== WHAT YOU WILL DO ==
Leave out the pictures and copy everything else in the records exactly.

== MATERIAL FOR THE TASK ==
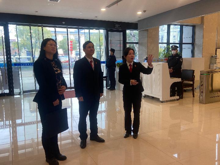 陈玮(左一)在衢州市中级人民法院走访调研。(新华社记者 黄筱 摄)
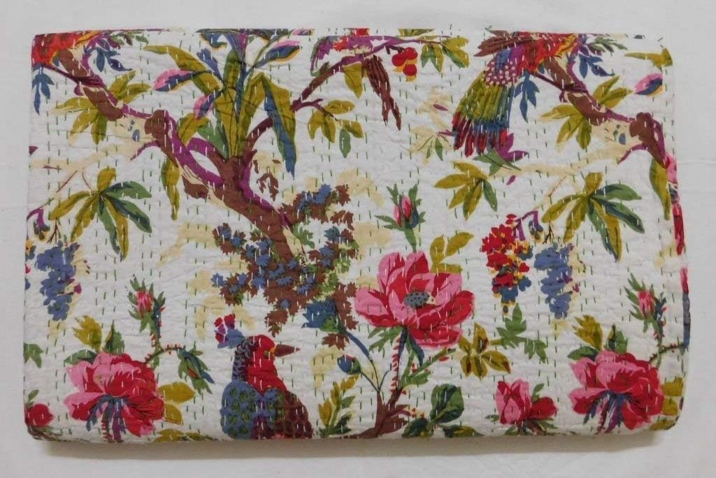 Made with 100% cotton and natural vegetable colors. This piece of art is completely hand stitched by Women artisan in Rajasthan, India. It can make any room alive with its vivid colors, stunning print,made using traditional and famous kantha hand method. Made from two thin layer of cotton fabric make this piece of art irresistible and also very comfortable. Adding to its style, this kantha quilt is reversible and both sides can be used. Kantha is still the most popular form of embroidery practiced by rural women. Typically use old saris and cloth and layer them with kantha stitch to make a light blanket, throw or bedspread. This cotton lightweight "Quilts" with a beautiful and colorful Bird design can be used as: 1. Bedspread, Bedding Throw, Blanket or Quilt 2. A Summer Bed Cover. 3. A Fabulous Picnic Rug 4. Nice Bedroom Quilt. Size Twin (60X90), Queen Size (90X108 inch), King Size (108X108) inch
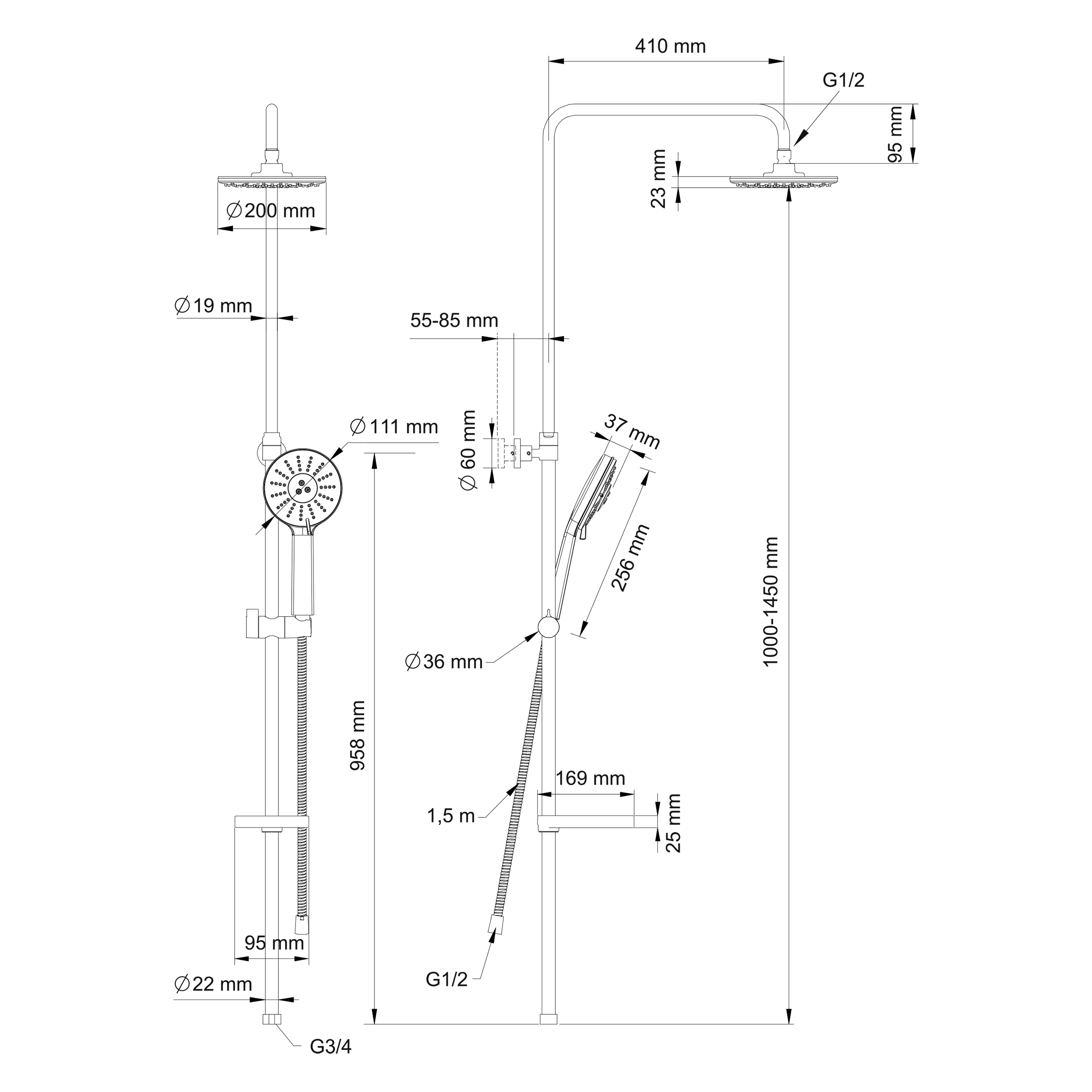 Душевой гарнитур Swedbe Calypso хром/св. серый (5062)
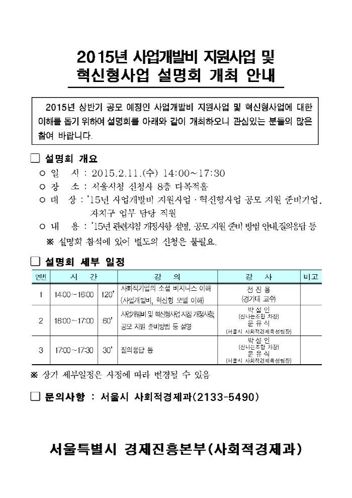 [안내] 2015년 사업개발비 지원사업 및 혁신형사업 설명회 개최 안내(2.11)
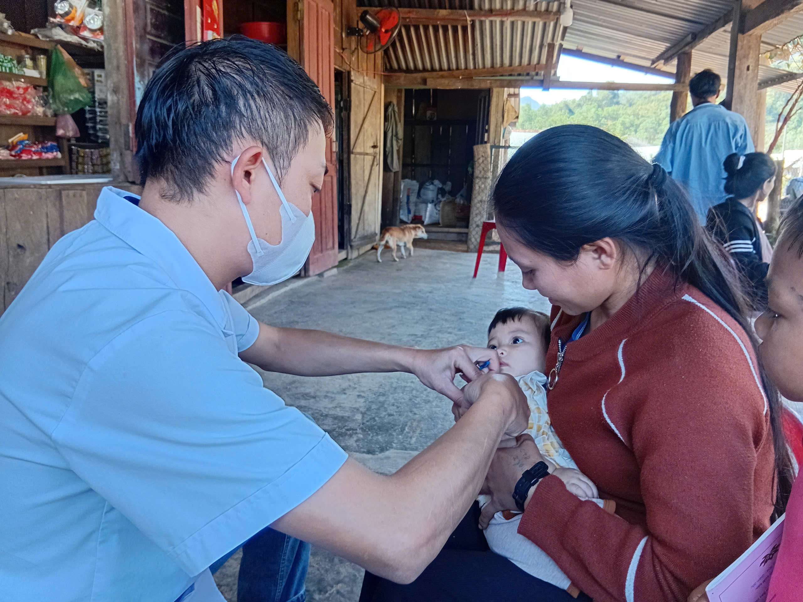 Cán bộ y tế xã hướng dẫn và hỗ trợ phụ huynh cho trẻ uống vi chất dinh dưỡng trong đợt triển khai chương trình.

== RESULT OF THE TASK ==
 陈玮(左一)在衢州市中级人民法院走访调研。(新华社记者 黄筱 摄)
 Made with 100% cotton and natural vegetable colors. This piece of art is completely hand stitched by Women artisan in Rajasthan, India. It can make any room alive with its vivid colors, stunning print,made using traditional and famous kantha hand method. Made from two thin layer of cotton fabric make this piece of art irresistible and also very comfortable. Adding to its style, this kantha quilt is reversible and both sides can be used. Kantha is still the most popular form of embroidery practiced by rural women. Typically use old saris and cloth and layer them with kantha stitch to make a light blanket, throw or bedspread. This cotton lightweight "Quilts" with a beautiful and colorful Bird design can be used as: 1. Bedspread, Bedding Throw, Blanket or Quilt 2. A Summer Bed Cover. 3. A Fabulous Picnic Rug 4. Nice Bedroom Quilt. Size Twin (60X90), Queen Size (90X108 inch), King Size (108X108) inch
 Душевой гарнитур Swedbe Calypso хром/св. серый (5062)
 [안내] 2015년 사업개발비 지원사업 및 혁신형사업 설명회 개최 안내(2.11)
 Cán bộ y tế xã hướng dẫn và hỗ trợ phụ huynh cho trẻ uống vi chất dinh dưỡng trong đợt triển khai chương trình.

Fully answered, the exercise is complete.